Türkiye seçimlerinin ardından

Bu yayınların hepsi, özgür seçimlerden yana olduklarını söylerler, kendi ülkelerine gelince dış müdahele olarak anlattıkları şeyleri, kendileri bir propaganda aracı olarak görürler. Kutuplaşmış bir toplum tabii ki var Türkiye’de, ancak kutuplaşma nerede yok ki? Kimse Türkiye’deki seçimlerin özgür olmadığını dile getiremez. Her bir oy, sayımı, taşıması ve nihai sonuçları her aşamada her siyasi paydaş tarafından incelenecektir. Sonuçlar göstermiştir ki Demokrasi Bayramı şeklinde nitelenebilecek bir katılım ve sonuç gözlemlenmiştir.

Aylarca beklenen seçimlerin ardından, Türkiye tekrar önüne bakacağı bir 5 yıla daha girdi. Hollanda’da Türk seçmenler arasında oy kullanma oranı, geçen seçimlere nazaran yüzde 5’lik bir artış göstererek, yüzde 55 bandına yükseldi. Seçimde oy kullanan vatandaşlarımız yüzde 70’i aşkın Cumhurbaşkanı Erdoğan’a oy verirken, geri kalan yüzde 30’lük bölüm Millet İttifakının adayı CHP Genel Başkanı Kemal Kılıçdaroğlu’na oylarını verdiler. Alışkın olduğumuz, tahmin edilen bir sonuç olarak karşımıza çıktı bu.

Peki batı medyasında ve özeldeki Hollanda medyasında iki turlu seçim nasıl görüldü? Gelin birlikte bir göz atalım. Öncelikle tabii ki, batı dünyasının tercihi açıkça Kılıçdaroğlu’ndan yanaydı. Bunu hem devletlerin açıklamasında gördük hem de batı medyasının açık ara destek mesajlarında gördük.

Bunlardan bazıları vardı ki, ‘düşmanca saldırıyorlar’ tabirini hak etti doğal olarak. Mesela The Economist dergisi seçimlere 1 hafta kala başladığı özel kampanyada saat başı tweetler ve haberler attı, seçmeni Kılıçdaroğlu’na yönlendirmek için. Kapak fotoğrafına ‘Erdoğan gitmeli’ mesajını koyarak’ seçimlere açık müdahele etmeye çalıştı. “Eğer Erdoğan  kazanırsa ömür boyu cumhurbaşkanı olacağını ve tüm seçimleri kaldıracağını” söylüyordu. The Economist onu bir diktatör olarak tanımladı, sadece bir kez değil, aslında son on yıl içinde tam yedi kez. Le Point dergisi, onu Vladimir Putin’e benzeterek Rusya ve Türkiye’nin genişleyici güçler olduğunu ve Rus İmparatorluğu ile Osmanlı İmparatorluğu’nun yeniden kurulmasına inandığını söyledi. Buna kanıt olarak, Suriye’yi ve Türkiye’nin 1974’te gerçekleşen Kuzey Kıbrıs ‘işgalini’ gösterdiler.

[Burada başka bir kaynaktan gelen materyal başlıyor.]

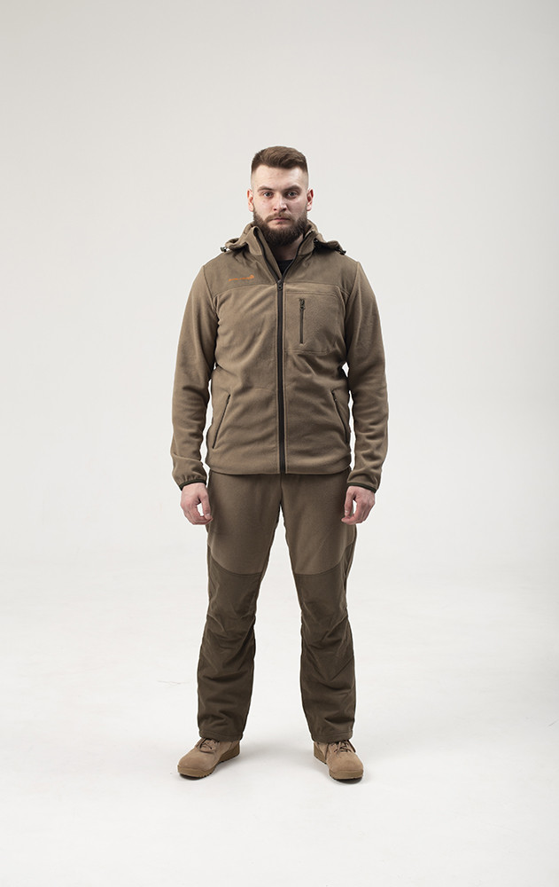 Костюм флисовый с отделкой из нешуршащего материала. Идеально подойдет для охоты и активного отдыха загородом. Куртка с застежкой на молнию, имеется три кармана на молнии, отстегивающийся капюшон с утяжкой по краю, низ рукавов и низ куртки собраны на окантовочную резинку.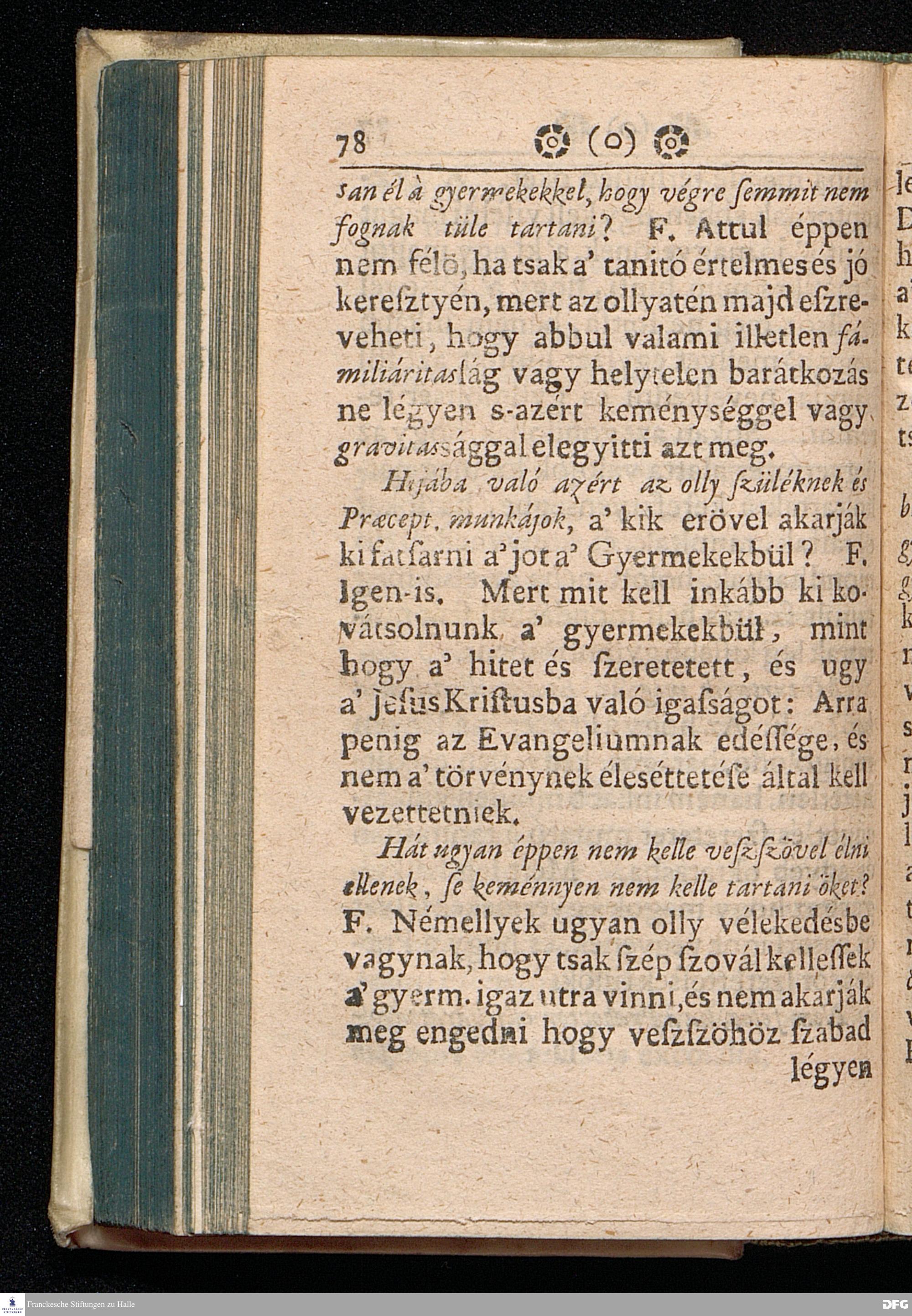 Augustus Herman. Franckenak, Sz. Ir. Prof. és Predikatornak Oktatása A© GYERMEK NEVELE'SRüL Az igaz Isteni félelemre és kegyességre Mint vitessenek à kis Gyermekek; Köz beszélgetésbe foglaltatott Virth Ambrus Norimb. Predik. által, most penig szükséges voltáert és à közönséges haszonért kerdésekbe foglalva Magyar nyelvre fordétratott: Melly munkával minden valláson lévök alkalmassan élhetnek, mert itt à hit dolgárul nem disputáltatik, hanem Kiváltképpen à kegyes SZÜLE©KNEK és à hiv PRAECEPTOROKNAK jó és kegyes tanáts adatik mint viseljék magokat jó lelki esmérettel à gyermekek kor¯ul, bog y az ö tisztekben az Istennek büvéges aldását várhassák magokra. Nyomtattatott Hallában Orbán István által. 1711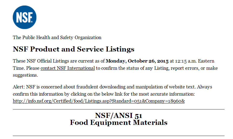 認(rèn)證機(jī)構(gòu):美國全國衛(wèi)生基金會(huì)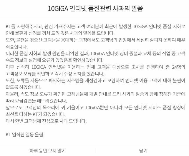 이어 "앞으로 오류를 자동으로 파악하는 시스템을 재점검하고 보완해 인터넷 이용 고객이 불편을 겪지 않도록 하겠다"며 "속도 정보 오류가 확인된 고객들에게는 개별 안내를 드려 정해진 기준에 따라 요금을 감면해드리겠다"고 밝혔다.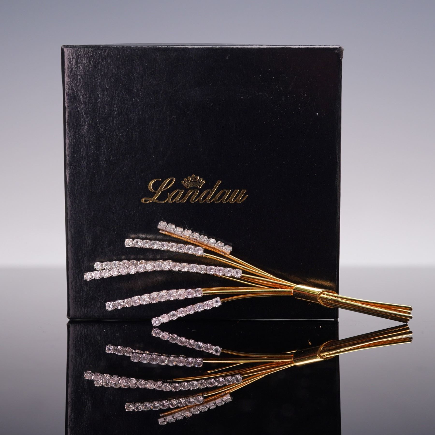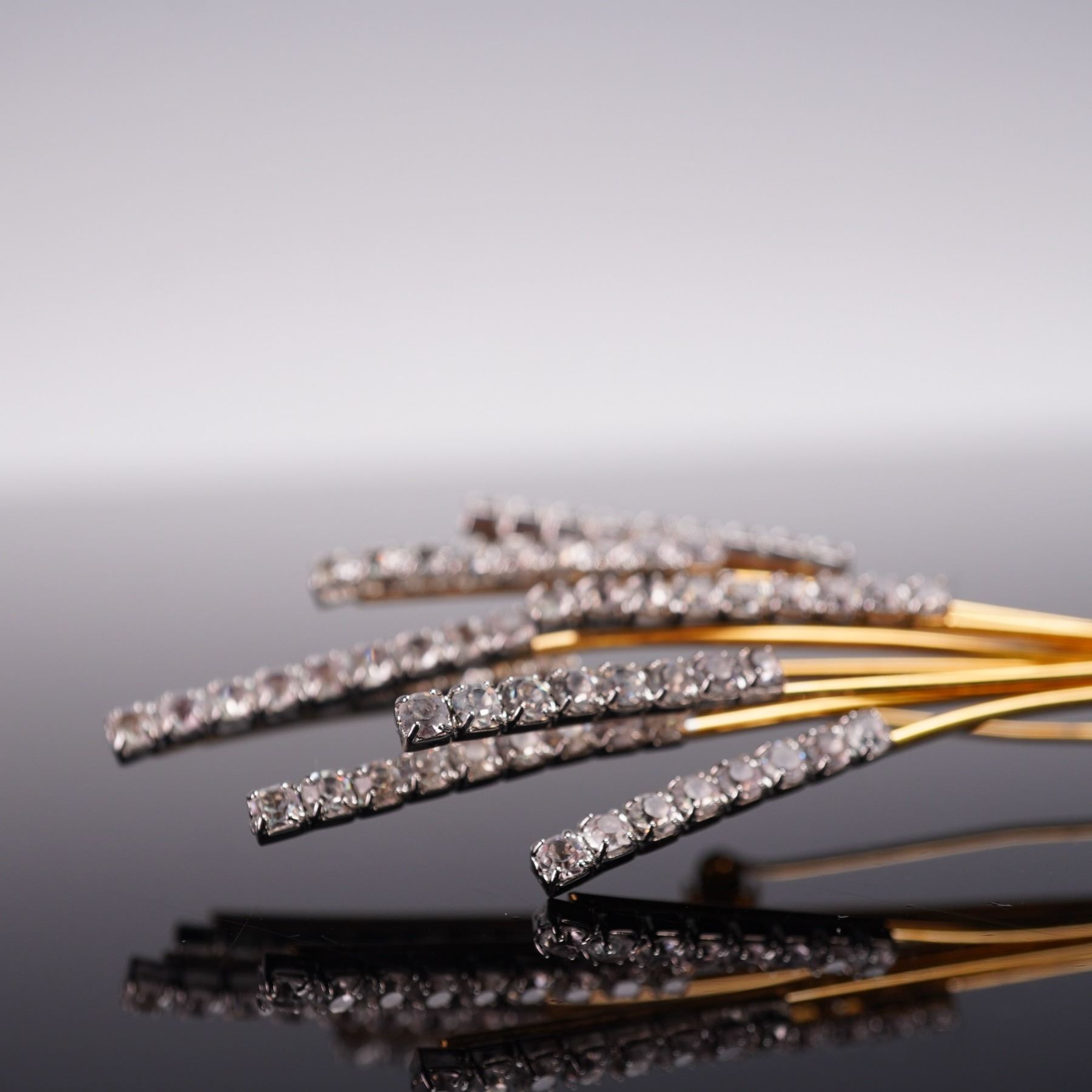 Vintage gold-tone brooch designed in the form of a stylized wheat bouquet or cattail cluster, accented with clear rhinestones. The brooch features a sweeping, organic arrangement of slender stems and tapered heads, evoking naturalistic charm. Measures approximately 4 inches long.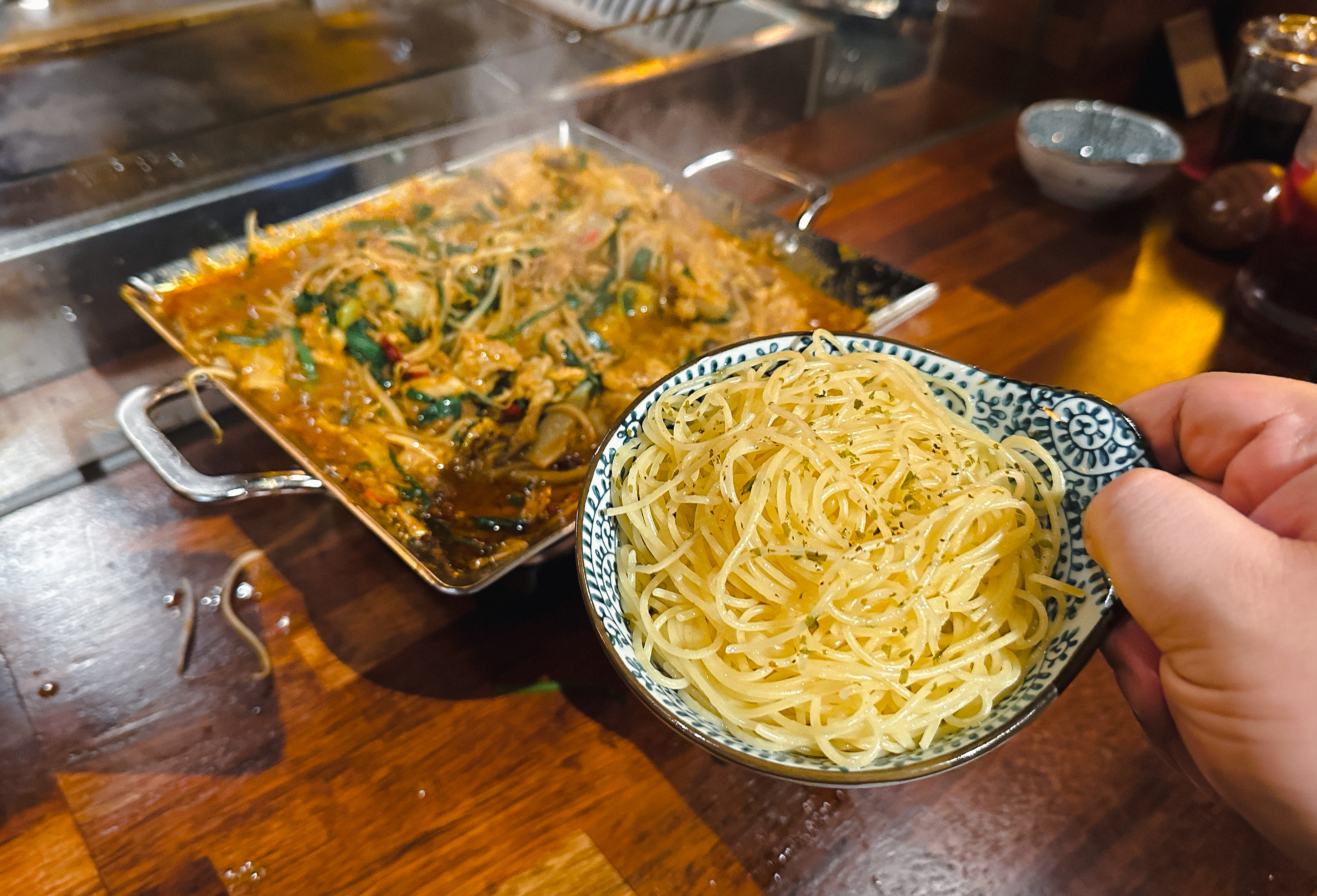 참고로, 저의 추천은 철판요리가 전체적으로 기름을 많이 쓴 요리이기 때문에 자칫 느끼하게 느낄 수 있는데, 여기에 시원한 하이볼을 같이 곁들이면 기름진 것도 잡아주고 맛있게 먹을 수 있었습니다. 타키의 와규블랙타이거를 어느 정도 먹은 다음 오사카식철판볶음을 먹었습니다.
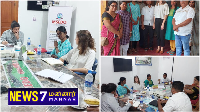 சுவிஸ் தூதரக அரசியல் விவகாரங்களுக்கான முதல் செயலாளர் ஜஸ்டின் கொய்லட் ( justine boillat) தலைமையிலான குழுவினர் இன்றைய தினம் செவ்வாய்க்கிழமை(22) மன்னாரிற்கு விஜயம் ஒன்றை மேற்கொண்ட நிலையில் இன்றைய தினம் செவ்வாய்க்கிழமை(22) மதியம் மன்னார் சமூக பொருளாதார மேம்பாட்டிற்கான நிறுவனத்திற்கு விஜயம் செய்திருந்தனர்.
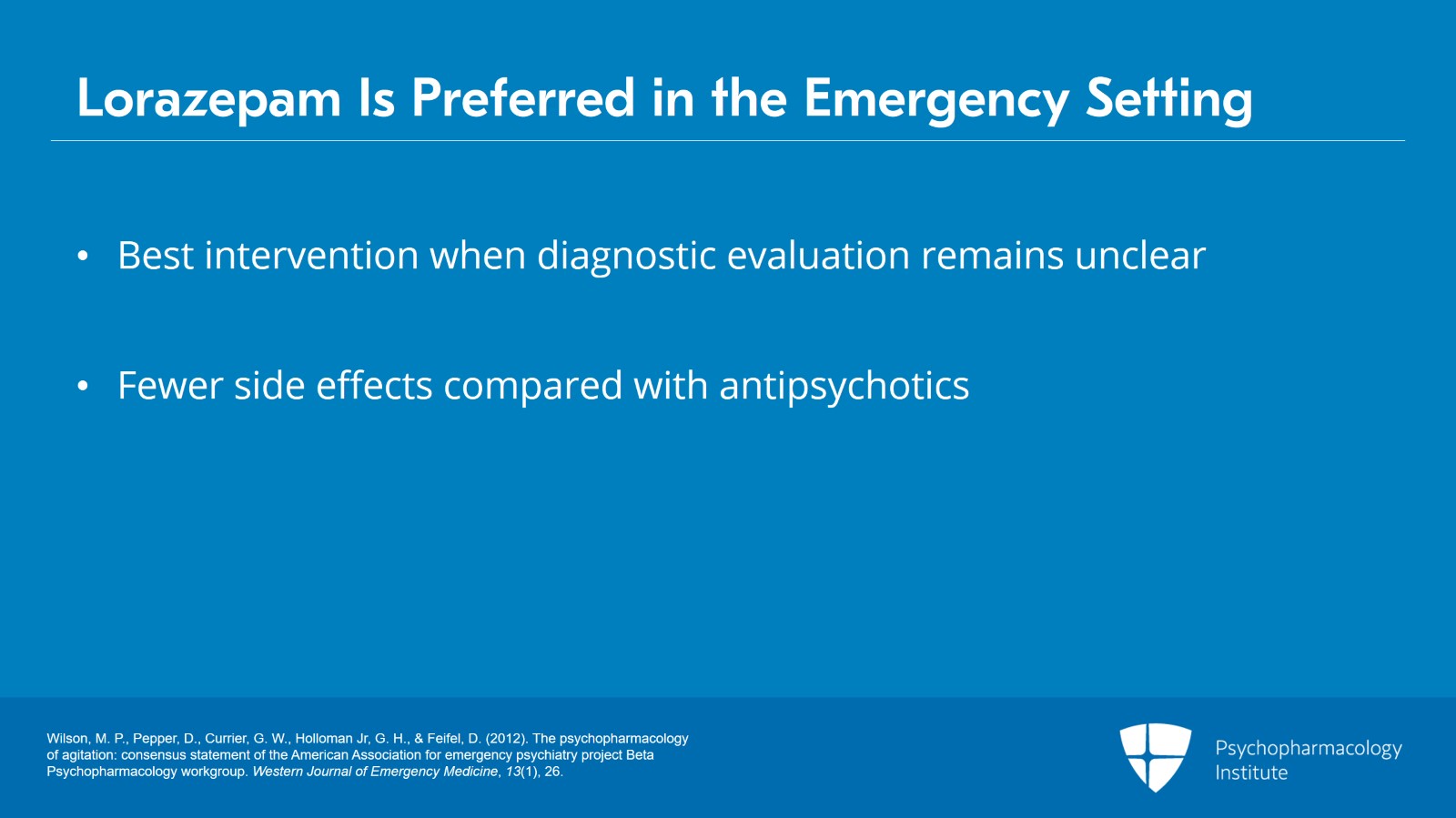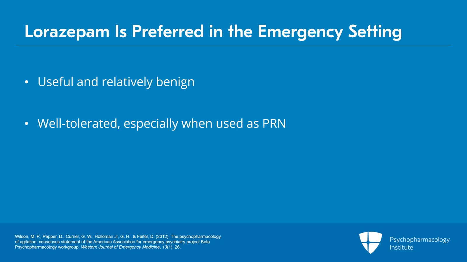 Let’s start off with talking about benzodiazepines, especially lorazepam, which sometimes is referred to as the emergency psychiatrist’s best friend because it’s useful in really many situations while being relatively benign.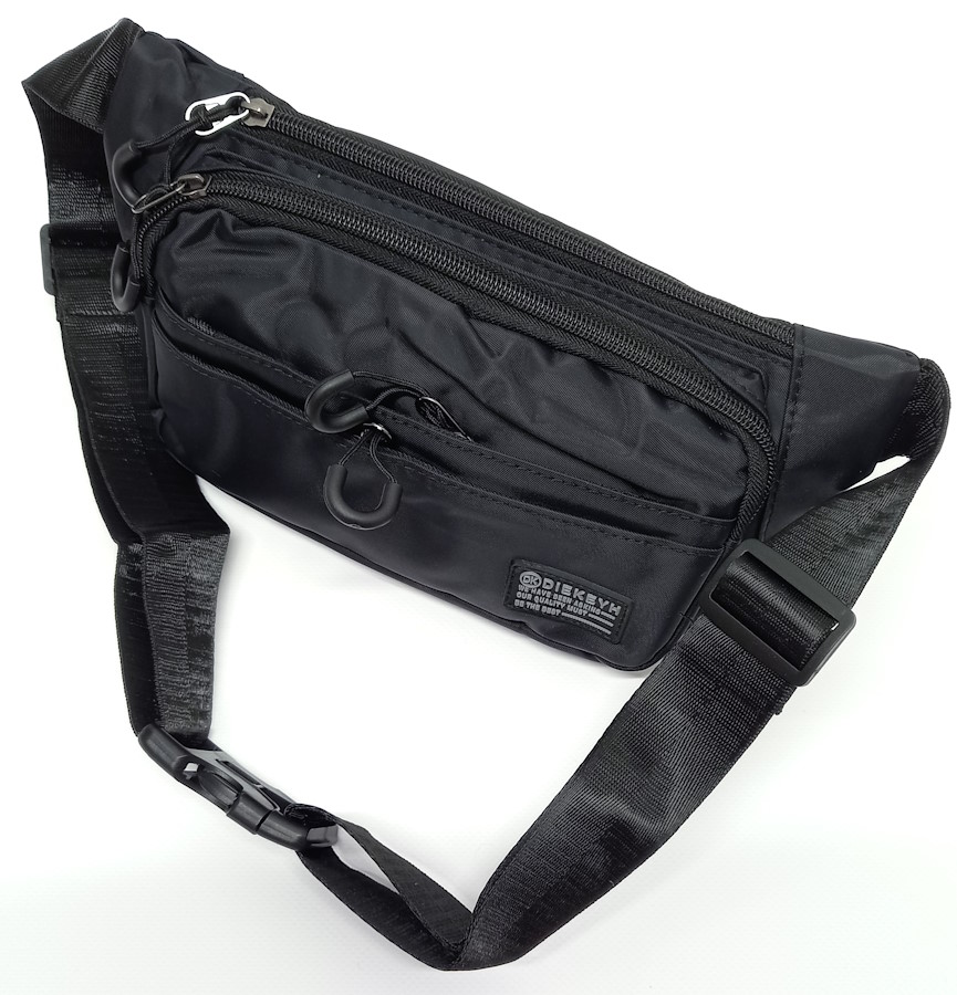 Сумка на пояс выполнена из плотного полиэстера. Сумка имеет несколько отделений на застёжке молния.

Bu yayınların hepsi, özgür seçimlerden yana  olduklarını söylerler, kendi ülkelerine gelince dış müdahele olarak anlattıkları şeyleri, kendileri bir propaganda aracı olarak görürler. Kutuplaşmış bir toplum tabii ki var Türkiye’de, ancak kutuplaşma nerede yok ki? Kimse Türkiye’deki seçimlerin özgür olmadığını dile getiremez. Her bir oy, sayımı, taşıması ve nihai sonuçları her aşamada her siyasi paydaş tarafından incelenecektir. Sonuçlar göstermiştir ki Demokrasi Bayramı şeklinde nitelenebilecek bir katılım ve sonuç gözlemlenmiştir.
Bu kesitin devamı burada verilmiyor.